- About this task:
Locate the line containing "Ozdobne latarenki, pnące" in the material below. Copy that line and all following lines through the end exactly, omitting any pictures.

_ _ _ _ _

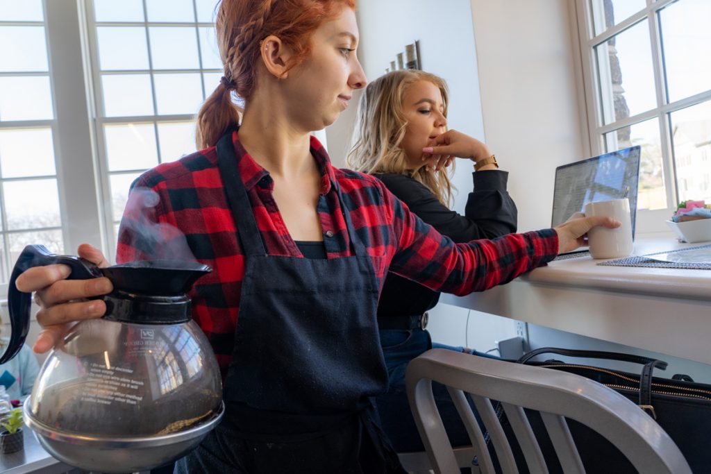The café has a light, airy feel thanks to high ceilings, a plethora of windows and walls that are painted a crisp white. A garage-type door can be rolled up in warm weather. Background music adds to the inviting atmosphere.
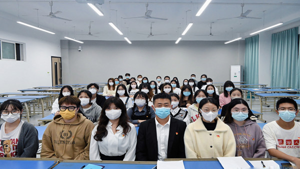 首先,由辅导员胡容老师作开场发言。她谈到,团支书作为团支部与党支部间的联络员,要始终以党员的标准严格要求自己,认真履行好职责,做好上传下达的对接工作,更应该发挥自身的“桥梁”作用,提升反馈信息的能力,带动整个班集体奋发向上,积极向党组织靠拢。
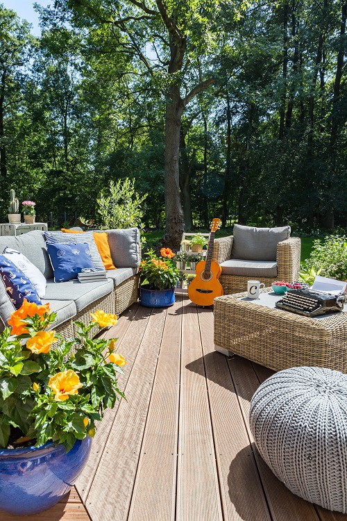Ozdobne latarenki, pnące się po ścianie domu pionowe rabatki oraz efektownie wyglądające oświetlenie to designerskie dodatki, które niskim nakładem finansowym odświeżą wygląd tarasu i nadadzą mu nowego charakteru. W połączeniu z pięknie odnowionym drewnem uzyskamy wyjątkowy efekt dekoracyjny, który będzie cieszył oko w długie, letnie wieczory.
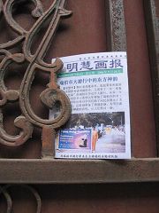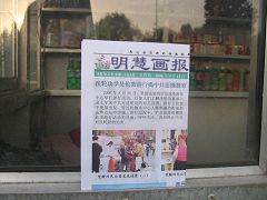 ![]() 山西忻州奇村一村民住宅大门上放着传单《明慧画报》,供村民了解真相 |
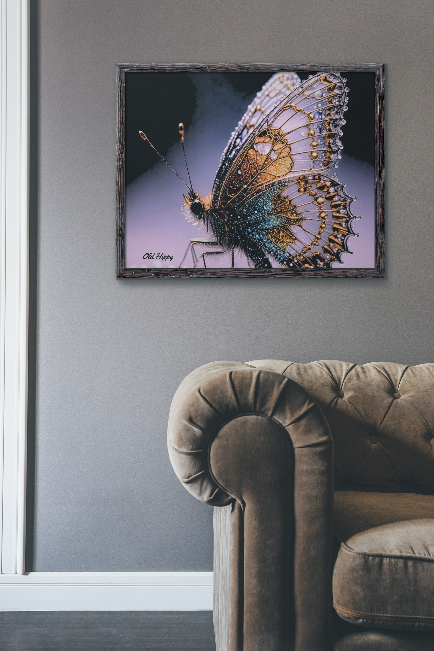 A marvel of intricate design and fragile beauty, this butterfly appears not of earth but of some enchanted realm. Its wings, laced with veins of gold and dusted in shimmering blues, ambers, and silvers, glisten like they were spun from jewels and stardust. Tiny droplets cling to its form like pearls, enhancing the illusion of a living gem caught in a moment of stillness.
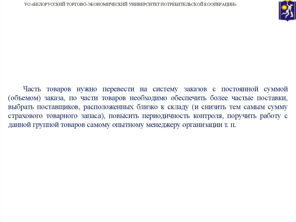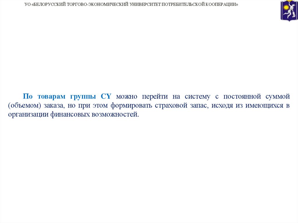 УО «БЕЛОРУССКИЙ ТОРГОВО-ЭКОНОМИЧЕСКИЙ УНИВЕРСИТЕТ ПОТРЕБИТЕЛЬСКОЙ КООПЕРАЦИИ»Управление запасами
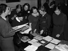 Disa Westerlund bjuder husmödrarna att smaka på Uppsala stads bär- och fruktkommittés konserveringskurs, Blåbandsföreningens lokal, Kungsgatan
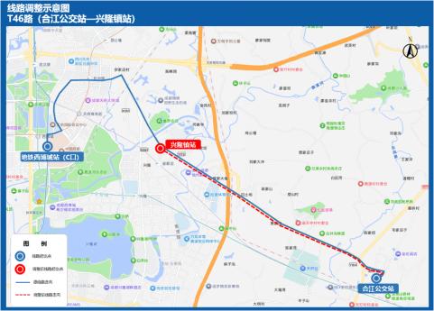 线路走向:去程合江公交站至兴隆镇站线路走向及站点不变;临时取消兴隆镇站至地铁西博城站;返程兴隆镇站至合江公交站线路走向及站点不变,临时取消地铁西博城站至兴隆镇站;

_ _ _ _ _

- Task answer:
Ozdobne latarenki, pnące się po ścianie domu pionowe rabatki oraz efektownie wyglądające oświetlenie to designerskie dodatki, które niskim nakładem finansowym odświeżą wygląd tarasu i nadadzą mu nowego charakteru. W połączeniu z pięknie odnowionym drewnem uzyskamy wyjątkowy efekt dekoracyjny, który będzie cieszył oko w długie, letnie wieczory.
 ![]() 山西忻州奇村一村民住宅大门上放着传单《明慧画报》,供村民了解真相 |
 A marvel of intricate design and fragile beauty, this butterfly appears not of earth but of some enchanted realm. Its wings, laced with veins of gold and dusted in shimmering blues, ambers, and silvers, glisten like they were spun from jewels and stardust. Tiny droplets cling to its form like pearls, enhancing the illusion of a living gem caught in a moment of stillness.
 УО «БЕЛОРУССКИЙ ТОРГОВО-ЭКОНОМИЧЕСКИЙ УНИВЕРСИТЕТ ПОТРЕБИТЕЛЬСКОЙ КООПЕРАЦИИ»Управление запасами
 Disa Westerlund bjuder husmödrarna att smaka på Uppsala stads bär- och fruktkommittés konserveringskurs, Blåbandsföreningens lokal, Kungsgatan
 线路走向:去程合江公交站至兴隆镇站线路走向及站点不变;临时取消兴隆镇站至地铁西博城站;返程兴隆镇站至合江公交站线路走向及站点不变,临时取消地铁西博城站至兴隆镇站;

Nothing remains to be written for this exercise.